他滿嘴的泥巴,眼睛還在流淚,眼下的毛都被淚水沾濕了,看起來真是太可憐了。
可憐得楚魚噗嗤一聲笑了出來。
裴行知一時無言,不知道該說什么,聽到楚魚的笑聲,忍不住撫了撫額。
謝云珩已經幾步上前,到了石桌旁,滿臉擔憂地大喊:“嬰弟!你莫不是喪心病狂了?一個人……兔在這吃什么土?大哥這里有胡蘿卜,你別吃土了,吃胡蘿卜!”
可惜他的嬰弟陷在自己的思緒里,還在不停哭,不停吃土。
楚魚和裴行知一看,立刻也湊上前。
楚魚:“嬰二哥!你醒醒!”
她伸手揪了揪嬰離的耳朵,想要把他提起來,但竟是提不起來,他沉得要命,仿佛屁股牢牢地粘在那石桌上了一樣。
嬰離還在嘶吼哭喊:“我吃,我一定吃,吃的白白胖胖!”
裴行知也伸手拽了拽嬰離,但是嬰離不為所動,兩只小爪子不停刨土,不停地把土撈進嘴里吃。
楚魚蹲下身來,就看到了嬰離冰藍色的眼睛里有一團黑氣,那黑氣成螺旋樣盤桓在里面。
謝云珩在一邊瘋狂搖晃嬰離,揪起他的耳朵在他耳旁大喊:“嬰弟!嬰弟!”
裴行知冷靜判斷:“嬰二哥是陷入幻覺了。”
楚魚也是這么想的。
三人面面相覷,不知道怎么應對現在這情況,而且馬上裴行知就要去赤獄戰場,在這耽誤不了太長時間。

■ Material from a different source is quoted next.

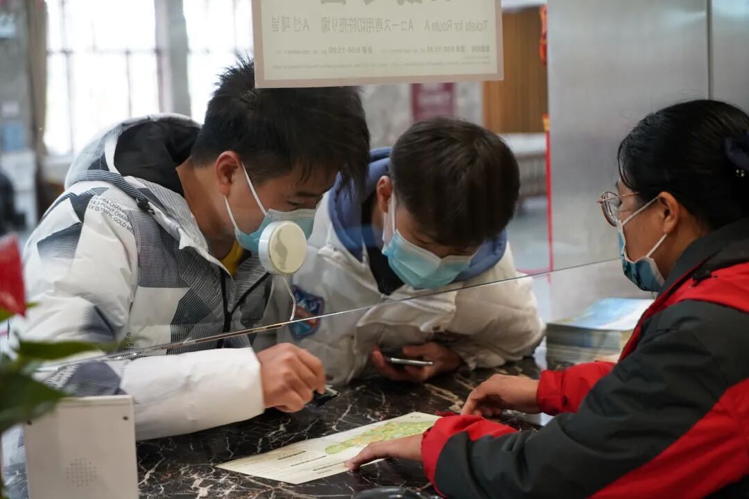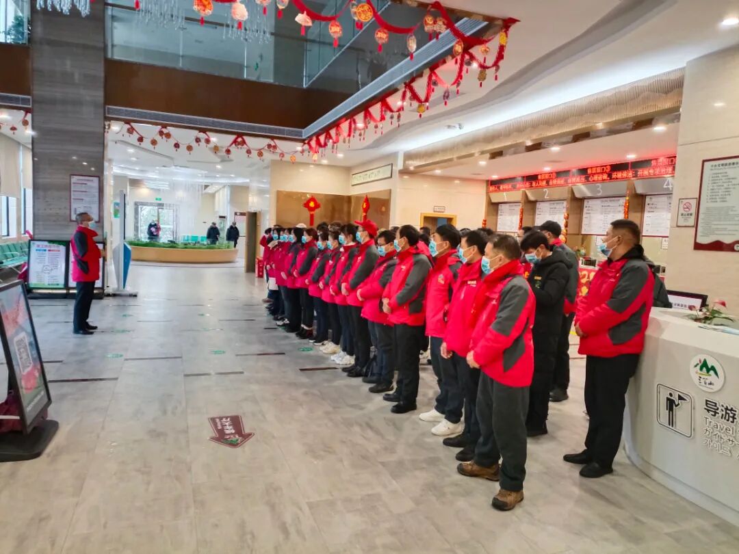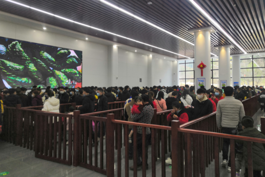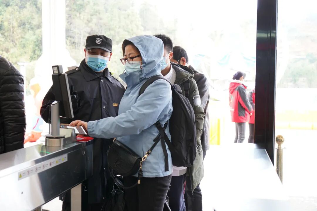설날에 관광객이 끊임없이 폭증하기 때문에 가능한 한 빨리 관광객들의 신속한 입장 유도를 위해 매표소 입구에 여러 명의 관광지 직원과 자원봉사자를 배치하여 관광객들이 마스크를 잘 쓰고 코드를 스캔하여'간강통코드, 스케줄코드'와 표를 사는 등 자문 서비스를 제공하도록 유도한다.

一旦去戰場,戰役不結束是不會回來的,就算謝云珩可以留下來,但是……
楚魚想,搞不好謝云珩就要搞出什么事來,要么就和嬰離一起陷入這吃土的幻覺。
就在空氣沉默下來時,桌子上那只傻兔子終于動了。
楚魚看到傻兔子嬰二哥蹦蹦跳跳從石桌上跳了幾下,自己在石桌上平躺了下來,仿佛有一把菜刀在他身上“叨叨叨”得亂剁一樣。
他哭得凄風苦雨。
沒一會兒,他又像是一抹游魂一樣,從石桌上爬起來,蹦蹦跳跳地跳下了石桌,往石洞里面跳。
楚魚三人一言難盡地跟在后面往里走。
石洞里面,有一間石牢,石牢里有一張已經腐敗了的一半的板床,上面爛糟糟的,卻有一具尸骸,那尸骸發黑,已然不知道死去多少年,骨頭上散發著一縷縷魔氣。
這人,要么是生前被魔氣侵染,要么本身就是魔族。
楚魚是分不清這兩者區別的,只轉頭看向裴行知,他作為裴家重點培養的下一代家主,這些應該很擅長分辨。
裴行知仔細看了看,眉頭微皺著,說道:“是常年被魔氣浸染的人,應該是中了魔毒死的。”
魔毒,若是被魔物抓傷或者咬傷就會中魔毒,魔物的境界越高,或者在魔族中的血脈越特殊,則魔毒就越厲害。
這人中的魔毒就挺厲害的。
謝云珩聽了,發表高見:“莫非這人曾經是裴家什么重要的人,因為中了魔毒,所以將自己囚在這里?”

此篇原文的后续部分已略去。